Problem statement
Write out all of the records exactly once more and skip the images.

(Saved data entries)
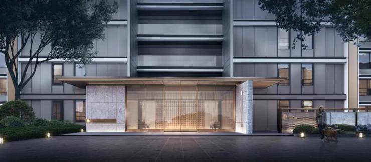 古人言“宅以门户为冠带”,门是一种礼仪制度的象征,更是宅第品格修养的表现。海上瑧悦,单元门头整体和小区入口大堂呼应,两侧采用大象灰石材哑光面和拉槽面,门头金属条纹的细密程度拿捏地恰到好处,在细节和光影设计上做了整体东方格调的把控,层次细腻、典雅大方。
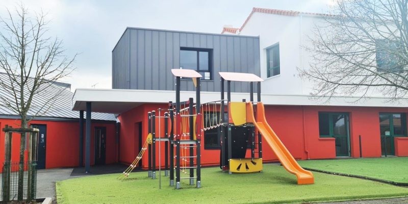 Le projet propose une architecture contemporaine avec un ensemble de 3 volumes continus en toiture terrasse. Le volume central est marqué par un enduit matricé vert en surélévation. Les façades sont revêtues de panneaux en bois de différentes couleurs et de largeurs aléatoires pour apporter de la verticalité à l’ensemble.Des ambiances intérieures colorées
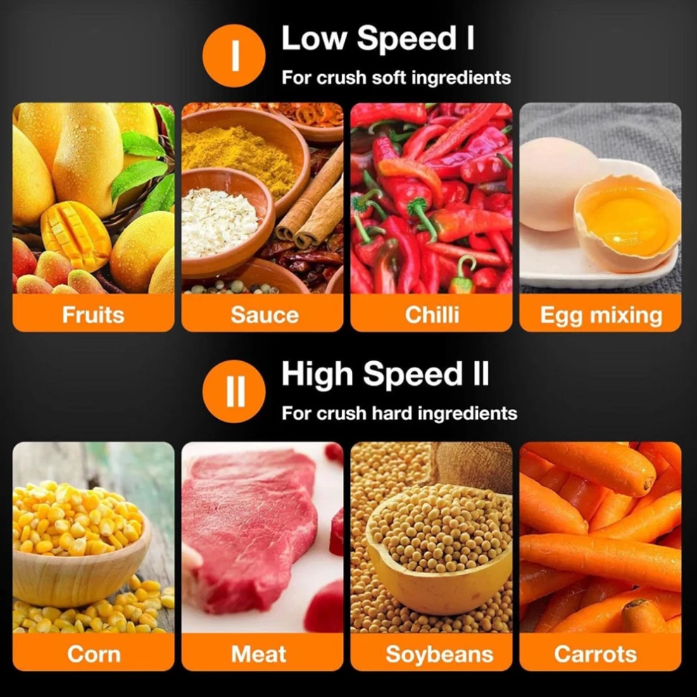 🥕 متعددة الاستخدامات – للحوم، الخضار، المكسرات، الصلصات وطعام الأطفال.
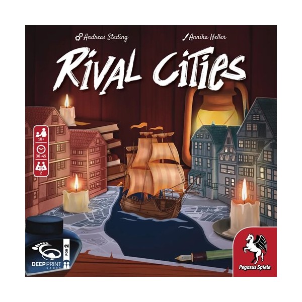 In the 16th century, the small fishing village of Altona was founded in Northern Germany, initially posing no threat to its long-established neighbor, Hamburg. However, as Altona rapidly grew, a fierce rivalry emerged between the two cities, each constantly trying to outdo the other. In Rival Cities, you face off in an enthralling city duel. Outmaneuver your opponent to achieve an instant victory - but beware as either of you can pull this off in many ways. Only by combining foresight with the art of deflection will you lead your city to victory. The suspenseful back and forth between the players makes it a very confrontational gaming experience full of weighty decisions.
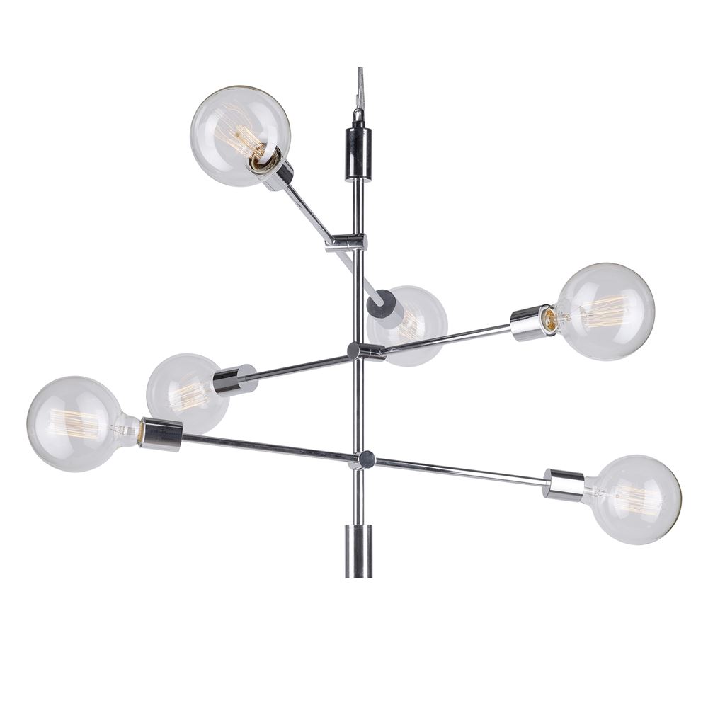 The Baton chrome finish steel contemporary chandelier features arms that rotate to a horizontal or vertical position. This series is available in either gold or chrome finish and is suitable for dining rooms or entries. Add an Edison style bulb for a more transitional look or an 'G' type LED for a contemporary feel. This 6-light chandelier measures 24 in. L x 24 in. W x 25.25 in. H.

Worked solution
 古人言“宅以门户为冠带”,门是一种礼仪制度的象征,更是宅第品格修养的表现。海上瑧悦,单元门头整体和小区入口大堂呼应,两侧采用大象灰石材哑光面和拉槽面,门头金属条纹的细密程度拿捏地恰到好处,在细节和光影设计上做了整体东方格调的把控,层次细腻、典雅大方。
 Le projet propose une architecture contemporaine avec un ensemble de 3 volumes continus en toiture terrasse. Le volume central est marqué par un enduit matricé vert en surélévation. Les façades sont revêtues de panneaux en bois de différentes couleurs et de largeurs aléatoires pour apporter de la verticalité à l’ensemble.Des ambiances intérieures colorées
 🥕 متعددة الاستخدامات – للحوم، الخضار، المكسرات، الصلصات وطعام الأطفال.
 In the 16th century, the small fishing village of Altona was founded in Northern Germany, initially posing no threat to its long-established neighbor, Hamburg. However, as Altona rapidly grew, a fierce rivalry emerged between the two cities, each constantly trying to outdo the other. In Rival Cities, you face off in an enthralling city duel. Outmaneuver your opponent to achieve an instant victory - but beware as either of you can pull this off in many ways. Only by combining foresight with the art of deflection will you lead your city to victory. The suspenseful back and forth between the players makes it a very confrontational gaming experience full of weighty decisions.
 The Baton chrome finish steel contemporary chandelier features arms that rotate to a horizontal or vertical position. This series is available in either gold or chrome finish and is suitable for dining rooms or entries. Add an Edison style bulb for a more transitional look or an 'G' type LED for a contemporary feel. This 6-light chandelier measures 24 in. L x 24 in. W x 25.25 in. H.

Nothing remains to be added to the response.